__Goal of the exercise__: In the material below, begin at the line that has "W ubiegłym roku", stop after the line that has "新華社記者 姜克紅 攝", and transcribe those lines exactly, without pictures.

======

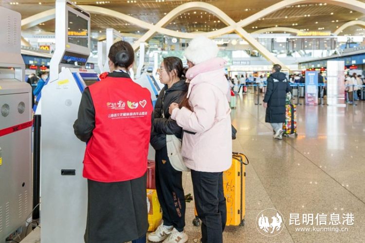 “过年好,您的行李有些多,我帮您送一程吧。”“您是要办理托运吗?来,我帮您。”2月10日,大年初一,在客运站、机场、火车站,一个个“红马甲”在人群中格外闪耀,今年的春节假期,云南省文化和旅游志愿者散落在每一个游客密集的地方,为大家送去新春的祝福和志愿服务。
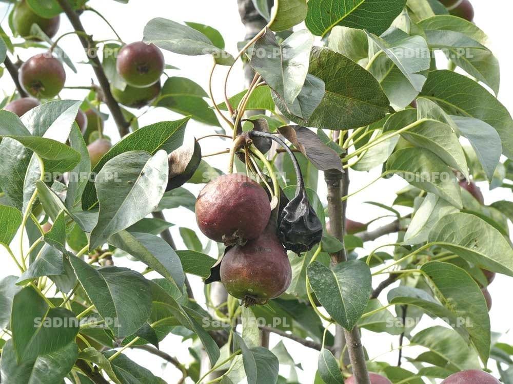 W ubiegłym roku panowało duże zagrożenie ze strony zarazy ogniowej. W rejonie Sandomierza, w wyniku błędu jednego sadownika, który po cięciu drzew zamiast spalić pędy z patogenem rozdrobnił je, doszło do rozprzestrzenienia się bakterii Erwinia amylovora na znacznym obszarze. Dodatkowo warunki pogodowe sprzyjały infekcji i walka z chorobą była trudna. Pierwsze jej objawy w postaci brunatniejących i zamierających kwiatów, które nie opadają, mogą być widoczne już wiosną na drzewach dotkniętych chorobą w lata poprzednie. Objawy na drzewach porażanych w roku bieżącym ujawniają się dopiero po 6 tygodniach od zakażenia kwiatów, gdyż z nich po infekcji bakterie przenikają do pędów i rozprzestrzeniają się w roślinie (dlatego objawy mogą pojawiać się w różnych partiach drzew). Zawiązki owocowe na takich roślinach czernieją, marszczą się, ale pozostają na drzewie (fot. 3). Na gruszkach często występują krople szarobiałego wycieku bakteryjnego. Z zakażonych owoców bakterie wnikają do krótkopędów i gałęzi. Na nich tworzą się zagłębione, nekrotyczne plamy, wyraźnie oddzielone od zdrowej tkanki. Powyżej miejsca porażenia pędy mogą zamierać. Młode brunatnieją wraz z liśćmi, a ich wierzchołki wyginają się na kształt pastorału. Patogen zimuje w porażonych, ale żywych pędach drzew. W warunkach umiarkowanej temperatury 20–24°C oraz przy wysokiej wilgotności powietrza bakterie bardzo szybko się namnażają, natomiast wysoka temperatura z silnym nasłonecznieniem ograniczają ich rozwój. Bakterie mogą być przenoszone na znaczne odległości, najczęściej z prądami powietrza i kroplami wody oraz na ciele owadów i ptaków. Znaczne zagrożenie rozwojem choroby panuje na terenach, gdzie rosną inni żywiciele E. amylovora, np. głogi, irgi, pigwy, jarzębiny lub ogniki.
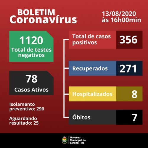O município de Sarandi registou o sétimo óbito por Covid-19 ontem, dia 12/08.
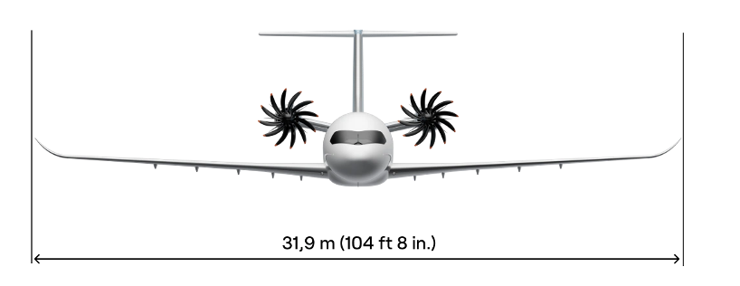 最大離陸重量 34 ton、最大ペイロード 9.7 ton、航続距離は3クラス乗客76人の場合2,685 km、2クラス乗客90人の場合は1,759 km、巡航速度はマッハ0.78、飛行高度は最高の場合37,000 ft。エンジンは後述のハイブリッド電動ターボプロップでスイール・リカバリー・ベーン付きを2台装備する。
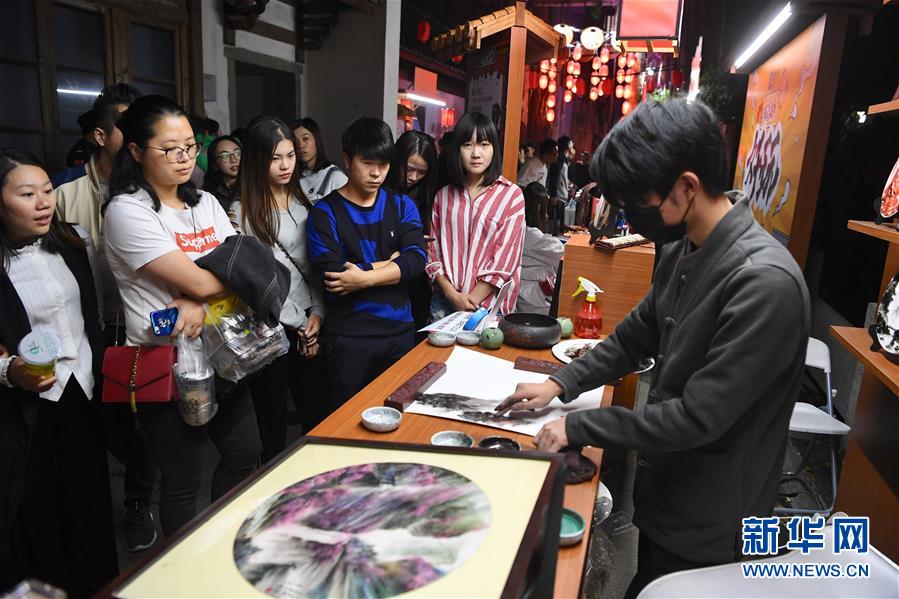 10月29日,在首屆天下碼商大會碼商集市上,觀眾觀看手指作畫。 10月28日至30日,由福州市政府聯(lián)合支付寶主辦的首屆天下碼商大會在福建福州舉行。 新華社記者 姜克紅 攝
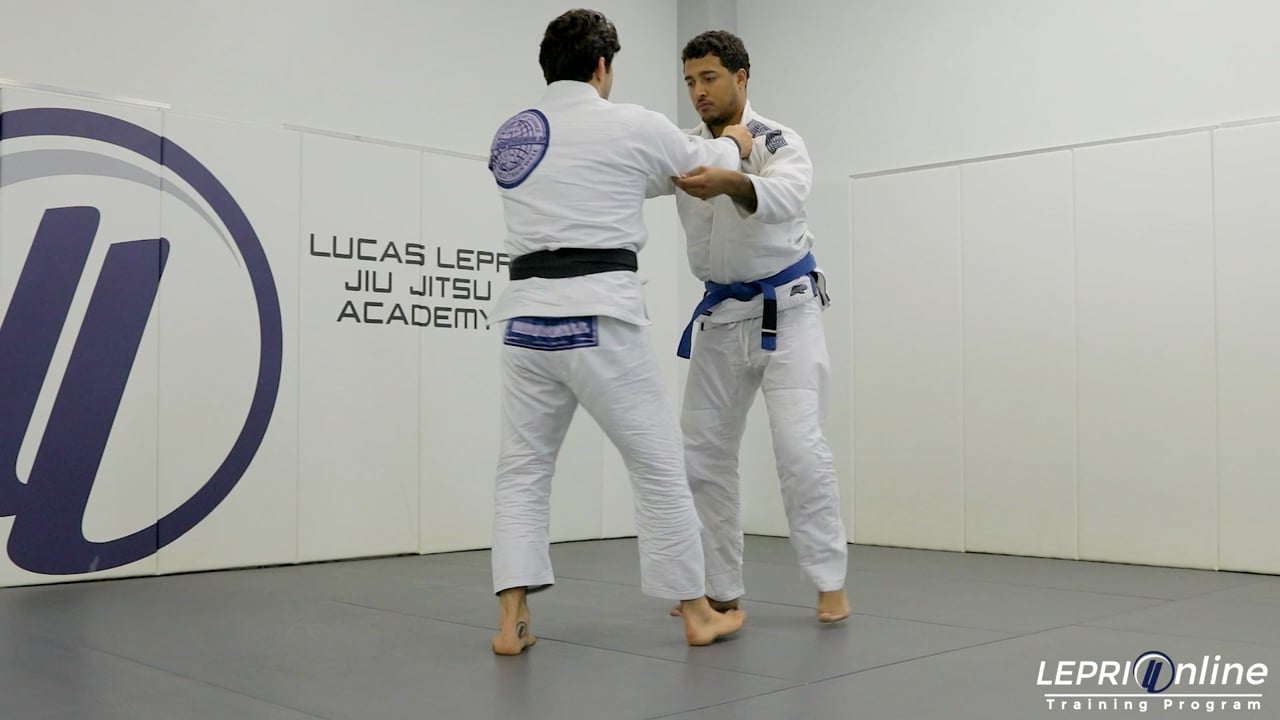 Professor Lucas Lepri shows a series of transitions that start with the opponent using the ippon seoi nagi to take Lucas down. The opponent immediately gets Lucas on the side control. Lucas now shows how to start escaping by transitioning to the half guard. After getting to the half guard, Lucas goes for the closed guard where he gets the opponent with the reverse armbar.
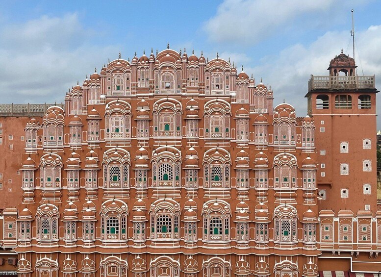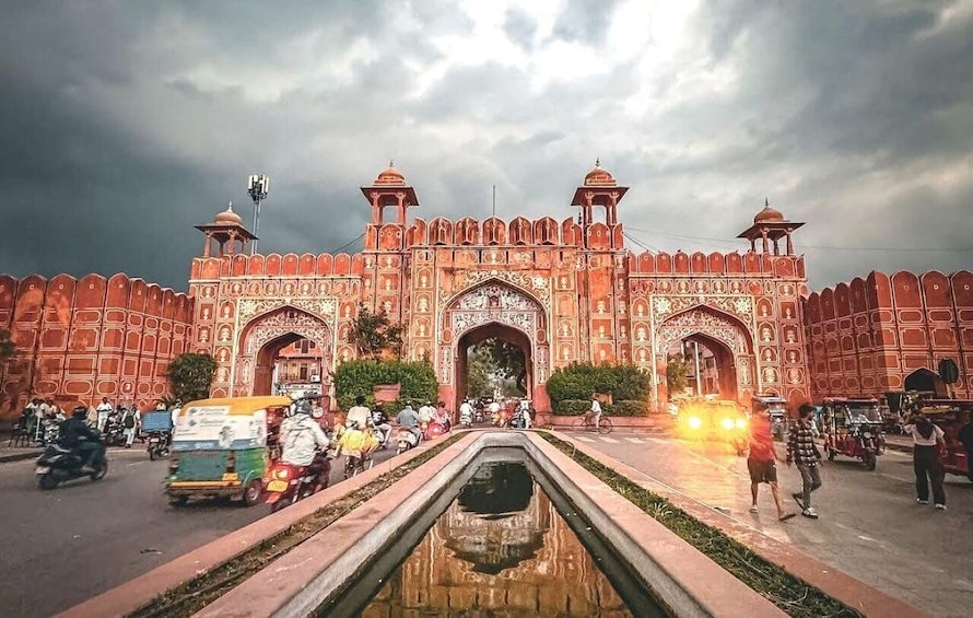 På denne luksustur giver vi dig et 4-stjernet kulturarvshotel overnatningssted med morgenmad og to dages tur med certificeret guide. Vores chauffør og guide kommer og henter dig med dit navneskilt. DAG 1: Hawa mahal, Panna meena ka kund, Amber fort, jal mahal, frokost, shopping, Jantar Mantar, City palace. DAG 2: Albert Hall-museet, Galta ji-templet (abetemplet), frokost, Nahargarh-fortet, Jaigarh-fortet.
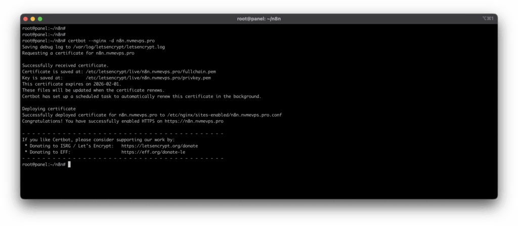 root@panel:~/n8n# certbot --nginx -d n8n.nvmevps.pro
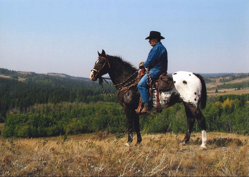 Moutain View Pilgrim, photographed here in the Cypress Hills in Saskatchewan at age 27 with owner Bill Merritt aboard, sadly passed away in February of this year. “He was a human disguised as a horse,” says Tracey Schuster, Bill’s wife and the photographer. “He had a big, huge heart.”
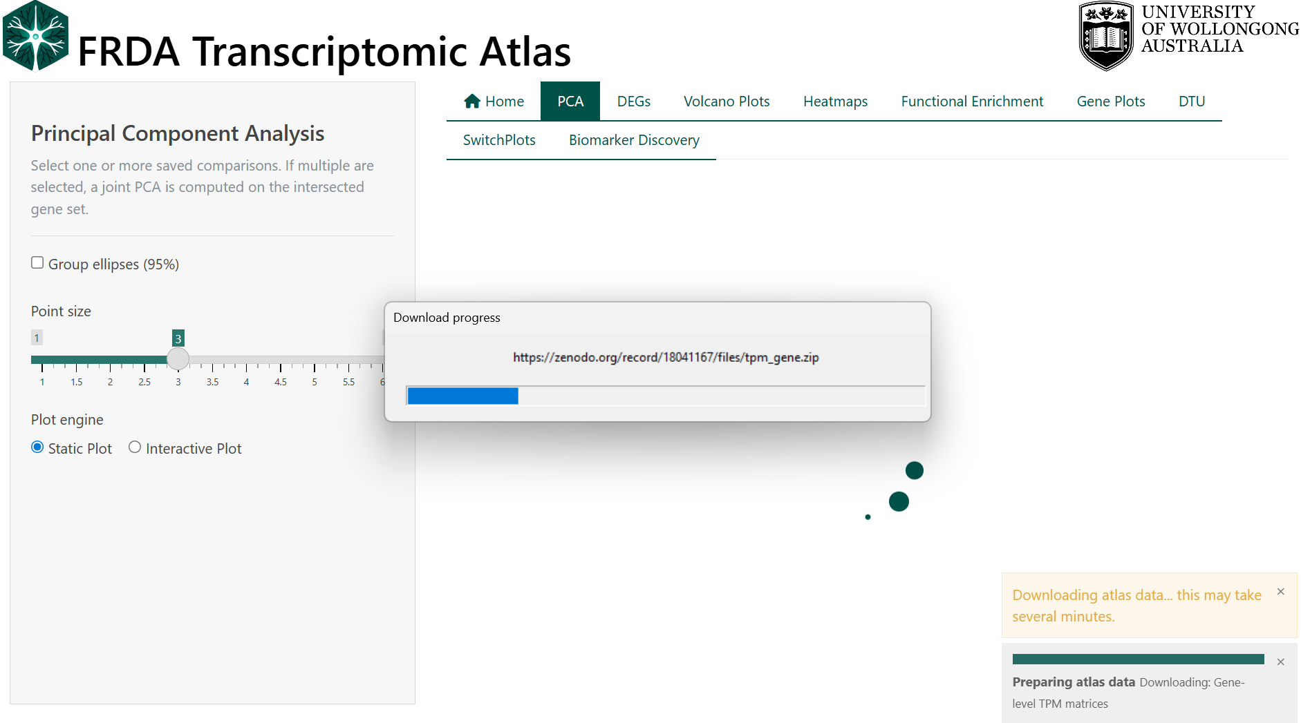 run_app()- FRDA Transcriptomic Atlas will open in a new window.

======

__Reply__:
 W ubiegłym roku panowało duże zagrożenie ze strony zarazy ogniowej. W rejonie Sandomierza, w wyniku błędu jednego sadownika, który po cięciu drzew zamiast spalić pędy z patogenem rozdrobnił je, doszło do rozprzestrzenienia się bakterii Erwinia amylovora na znacznym obszarze. Dodatkowo warunki pogodowe sprzyjały infekcji i walka z chorobą była trudna. Pierwsze jej objawy w postaci brunatniejących i zamierających kwiatów, które nie opadają, mogą być widoczne już wiosną na drzewach dotkniętych chorobą w lata poprzednie. Objawy na drzewach porażanych w roku bieżącym ujawniają się dopiero po 6 tygodniach od zakażenia kwiatów, gdyż z nich po infekcji bakterie przenikają do pędów i rozprzestrzeniają się w roślinie (dlatego objawy mogą pojawiać się w różnych partiach drzew). Zawiązki owocowe na takich roślinach czernieją, marszczą się, ale pozostają na drzewie (fot. 3). Na gruszkach często występują krople szarobiałego wycieku bakteryjnego. Z zakażonych owoców bakterie wnikają do krótkopędów i gałęzi. Na nich tworzą się zagłębione, nekrotyczne plamy, wyraźnie oddzielone od zdrowej tkanki. Powyżej miejsca porażenia pędy mogą zamierać. Młode brunatnieją wraz z liśćmi, a ich wierzchołki wyginają się na kształt pastorału. Patogen zimuje w porażonych, ale żywych pędach drzew. W warunkach umiarkowanej temperatury 20–24°C oraz przy wysokiej wilgotności powietrza bakterie bardzo szybko się namnażają, natomiast wysoka temperatura z silnym nasłonecznieniem ograniczają ich rozwój. Bakterie mogą być przenoszone na znaczne odległości, najczęściej z prądami powietrza i kroplami wody oraz na ciele owadów i ptaków. Znaczne zagrożenie rozwojem choroby panuje na terenach, gdzie rosną inni żywiciele E. amylovora, np. głogi, irgi, pigwy, jarzębiny lub ogniki.
O município de Sarandi registou o sétimo óbito por Covid-19 ontem, dia 12/08.
 最大離陸重量 34 ton、最大ペイロード 9.7 ton、航続距離は3クラス乗客76人の場合2,685 km、2クラス乗客90人の場合は1,759 km、巡航速度はマッハ0.78、飛行高度は最高の場合37,000 ft。エンジンは後述のハイブリッド電動ターボプロップでスイール・リカバリー・ベーン付きを2台装備する。
 10月29日,在首屆天下碼商大會碼商集市上,觀眾觀看手指作畫。 10月28日至30日,由福州市政府聯(lián)合支付寶主辦的首屆天下碼商大會在福建福州舉行。 新華社記者 姜克紅 攝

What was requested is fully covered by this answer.